___ Input data ___
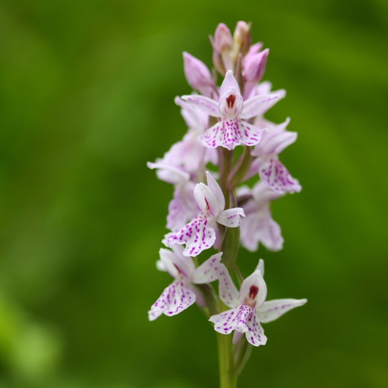 Geflecktes Knabenkraut ist eine europäische Erdorchidee mit hellvioletten bis weißen Blüten in einer ährenförmigen Traube. Diese seltene, einheimische Orchidee wächst meist an sonnigen oder leicht schattigen Standorten in feuchten, nährstoffarmen, leicht sauren, humosen Böden. Sie erhalten eine Pflanze, die in einem 9-cm-Topf (Slow Grow) gezüchtet wurde. CITES, deshalb nicht für die Schweiz.
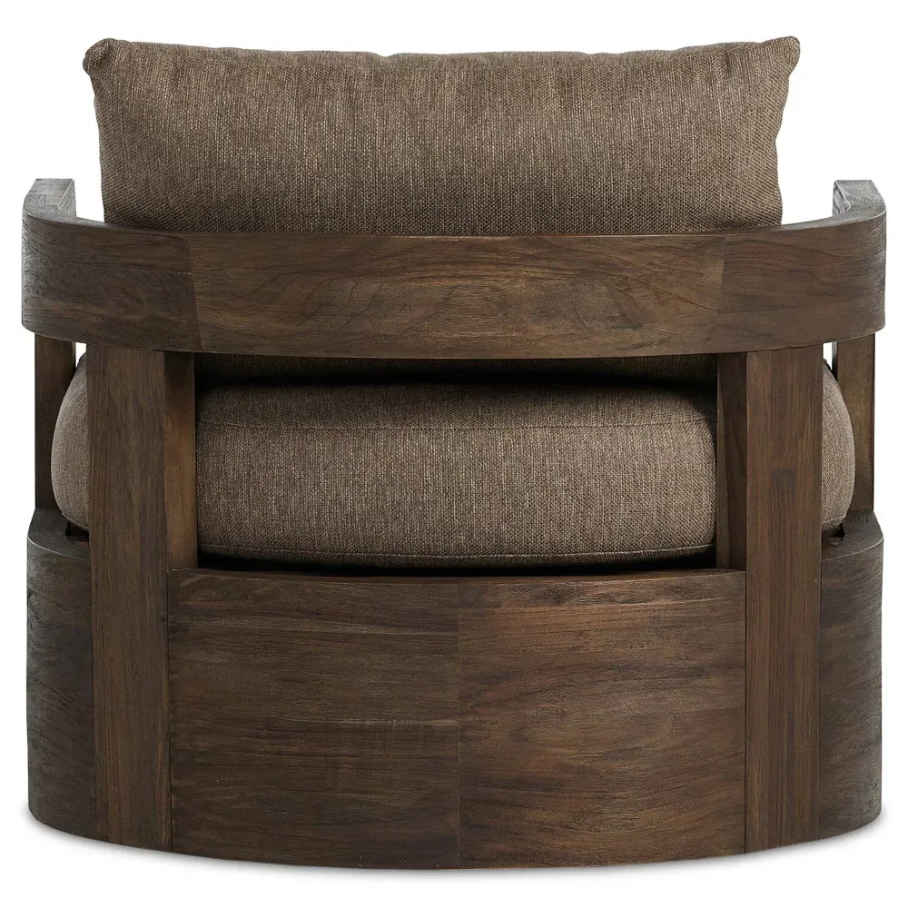 The Aviel Dining Arm Chair offers outdoor durability with comfort through its solid FSC certified teak construction and beige performance fabric upholstery. Its compact design features curved arms and supportive cushioning, while the stained saddle brown teak finish adds natural warmth. The high-performance olefin fabric withstands outdoor conditions with a 16,000 rub count rating, and the foam-filled cushions provide reliable support with a 250-pound weight capacity. W60 x D62 x H77 cm.
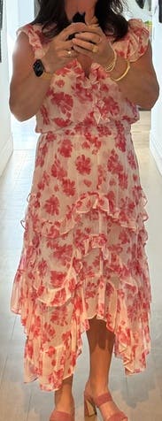 I wore a medium and it was a tad snug but that was to be expected because I’m usually a large. However it really wasn’t a problem, especially with Spanx which I also recommend because the dress is pretty sheer. I got lots of compliments, and the pink is lovely for a spring/summer wedding. It’s light as well so is good in the heat.
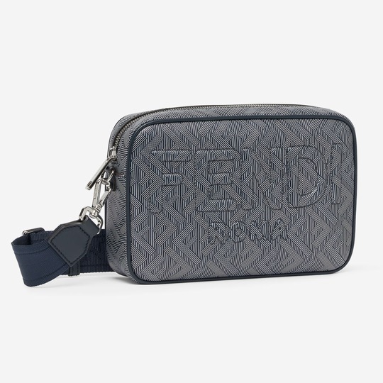相機包和腰包亮點是條紋印花背景上飾有「FENDI Roma」凸紋標志,展現出色的層次感;最引人注意的是一款扁平手拿包,采用淺灰色和藍色條紋小牛皮打造,深淺色調流露出光影效果。
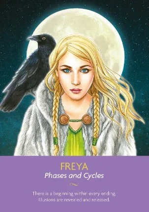 Freya, which means ‘Lady’, is the Norse goddess of the moon and love. She is the twin flame of Odin and a warrior goddess who offers deep spiritual and physical protection to those who call on her. She will stand before you with her shield and spear, keeping you safe from harm. She works closely with moon energy and helps us recognize that our life is a cycle that is always changing. She herself is the maiden, the mother, and the crone aspect of all women and guides them to see the wisdom these cycles bring. We all go through phases and cycles of growth, and Freya is the energy that supports this. She has a raven spirit totem, which is said to represent her capacity to travel between heaven and Earth.
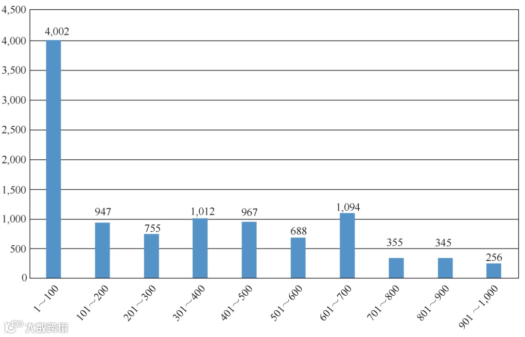 结果表明(见图1-10),1,000个知名域名中共有496个二级域名存在安全风险,累计发现10,421个存在风险的子域名,风险子域名最长解析链节点数为6。需要注意的是,排名靠前的二级域名反而更可能存在风险并拥有更多的风险子域名,例如排名前100的二级域名拥有4,002个风险子域名,达到总风险子域名的38.4%。
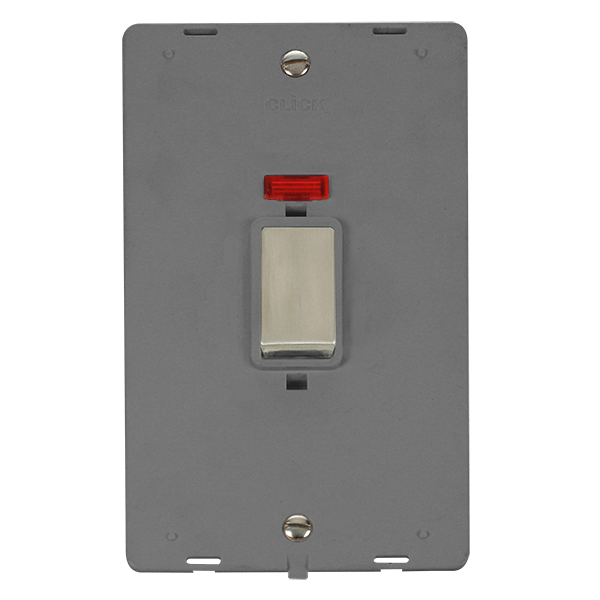 Click Definity SIN503GYSS 50A Ingot 2 Gang (Vertical) Double Pole Plate Switch With Neon Insert - Grey / Stainless Steel
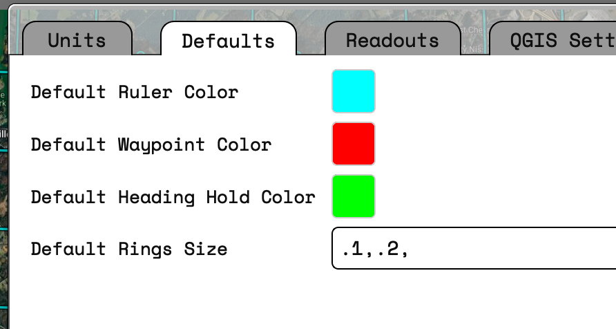 An additional tab for default values has been added. The colors will change the default used colors for the tool in the label, Ruler, Waypoints, Heading Hold. The default rings size will allow you to automatically add a set of rings to all new waypoints you create. These will still be removable or editable on waypoints during creation .
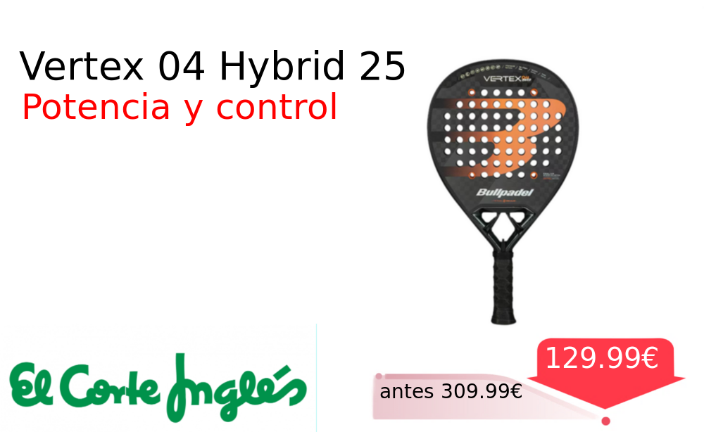 Mitad de precio✂️ Vertex 04 Hybrid 25❗️🆕 #Elcorteingles 📛Precio Ya 129.99€❗️ (PVP: +309.99€) ✨Pala de pádel Vertex 04 Hybrid 25 para hombre diseñada para ofrecer un equilibrio perfecto entre control y potencia en cada golpe Su construcción. cholloya.com/BULLPADEL_VERTE
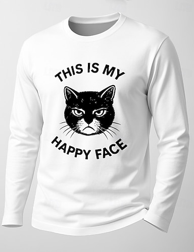 Herren Langarm Grafik T-Shirt - Grumpy Cat 'Das ist mein glückliches Gesicht' Lustiges sarkastisches Shirt
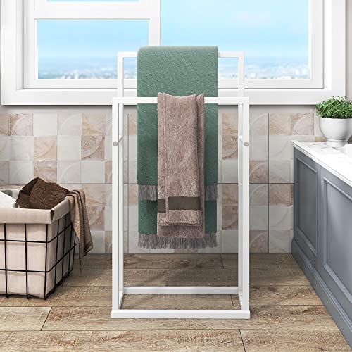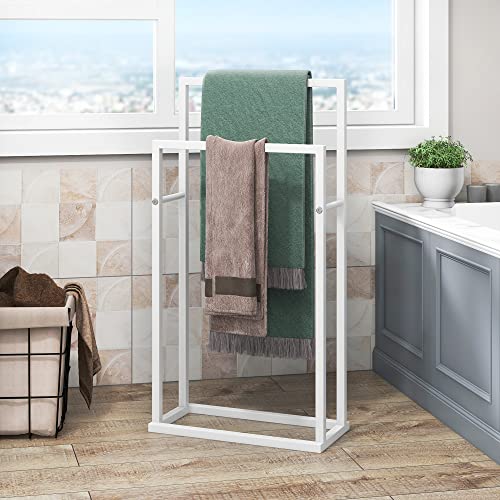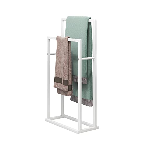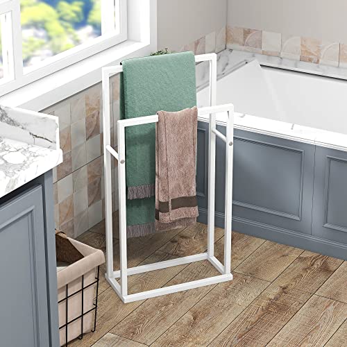 HOJINLINERO - حامل فوط قائم بذاته من طبقتين، حامل فوط معدني ورف تجفيف للحمام والمطبخ، سلم تعليق للملابس وتخزين الحمام وفوط اليد ومناشف الغسيل من هوجينلينيرو
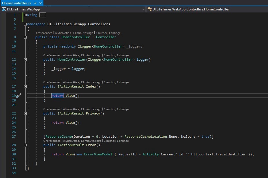 Before you relaunch the web application just set a breakpoint at the end of HomeController’s constructor:
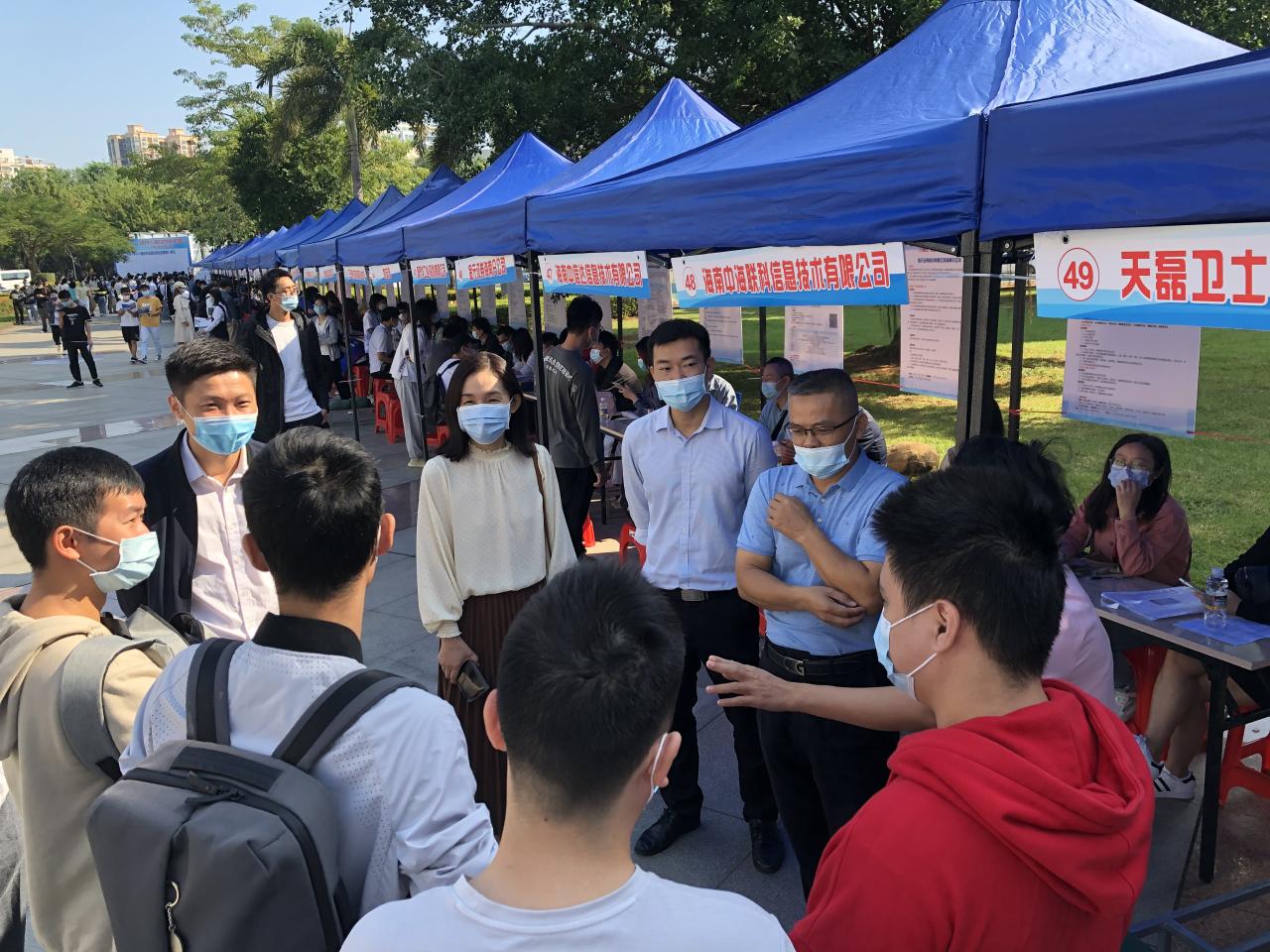 为了进一步搭建用人单位和毕业生供需交流平台,促进学生就业工作,2021年11月14日上午9:00,由海南省人才资源开发局(海南省就业局)与WilliamHill体育联合主办,招生就业处、网络空间安全学院(密码学院)、计算机科学与技术学院、信息与通信工程学院承办的海南自由贸易港招才引智活动——WilliamHill体育2022届毕业生秋季供需见面会(网安、计算机、信通类人才专场)在WilliamHill体育三号教学楼前广场举行。三个学院一千余名毕业生参加了双选会。招生与就业处副处长张婷,网络空间安全学院(密码学院)党总支书记陈广锐、计算机科学与技术学院院长杨天若、党委副书记(主持学院党委工作)王红英、信息与通信工程学院党委书记蒙秋妍等学院领导来到现场与用人单位和学生交流。
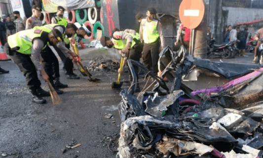Polisi membersihkan puing-puing di lokasi kecelakaan di Kertek, Wonosobo.
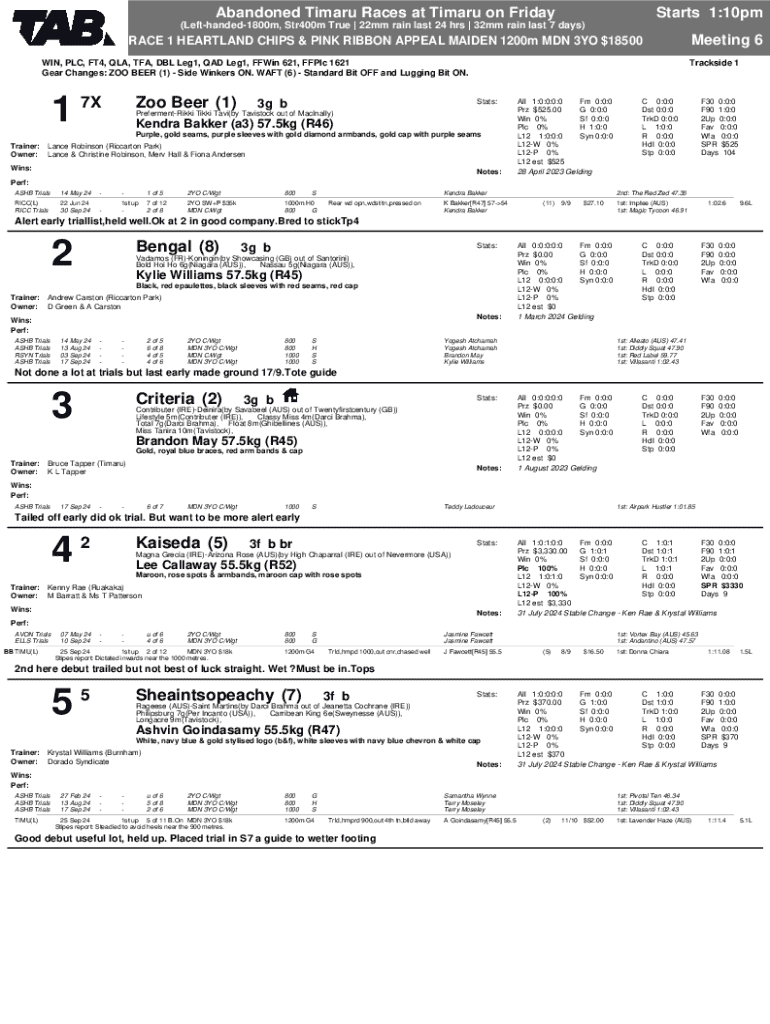 Fill out your nztr - timaru races online with pdfFiller!
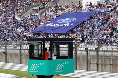 グランドスタンドでは各ファンシートから、ビッグフラッグによる応援が行われています。「SUBARU」「LEXUS」「ARTA」「Keihin」「Honda」とあり、今回「東海地区スバルグループ、スバル販売会社グループ一同、株式会社SUBARU、スバルテクニカインターナショナル株式会社」各位のご厚意により、本学1年生の学生をイベントに招待していただきました。応援席のどこかにいると思います。この場を借り、お礼申し上げます。
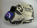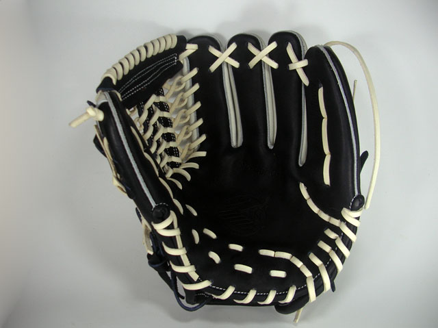 当店オリジナルオーダーグラブで基本形はKSN−L7Sです。久保田スラッガー特有のネイビーとブラックの中間カラーであるKSブラックとホワイトの本体・ヘリ皮にホワイトの皮ヒモ・ハミ出しでラベルは今年の新アイテムCラベル(ブルー×ライトシルバー)です。同時販売のL5同様夏にぴったりのグラブです。
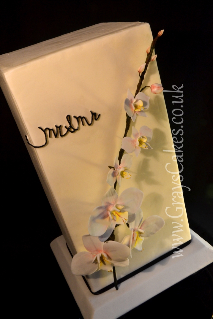A lovely triple barrel square: this was covered using fondant/modelling chocolate mix panels with gumpaste orchids. hope you like it!
___
The problem:
Beginning at the line that has "I wore a medium" and ending at the line that has "相機包和腰包亮點是條紋印花背", restate the listing above word for word, pictures left out.

Output of the task:
 I wore a medium and it was a tad snug but that was to be expected because I’m usually a large. However it really wasn’t a problem, especially with Spanx which I also recommend because the dress is pretty sheer. I got lots of compliments, and the pink is lovely for a spring/summer wedding. It’s light as well so is good in the heat.
相機包和腰包亮點是條紋印花背景上飾有「FENDI Roma」凸紋標志,展現出色的層次感;最引人注意的是一款扁平手拿包,采用淺灰色和藍色條紋小牛皮打造,深淺色調流露出光影效果。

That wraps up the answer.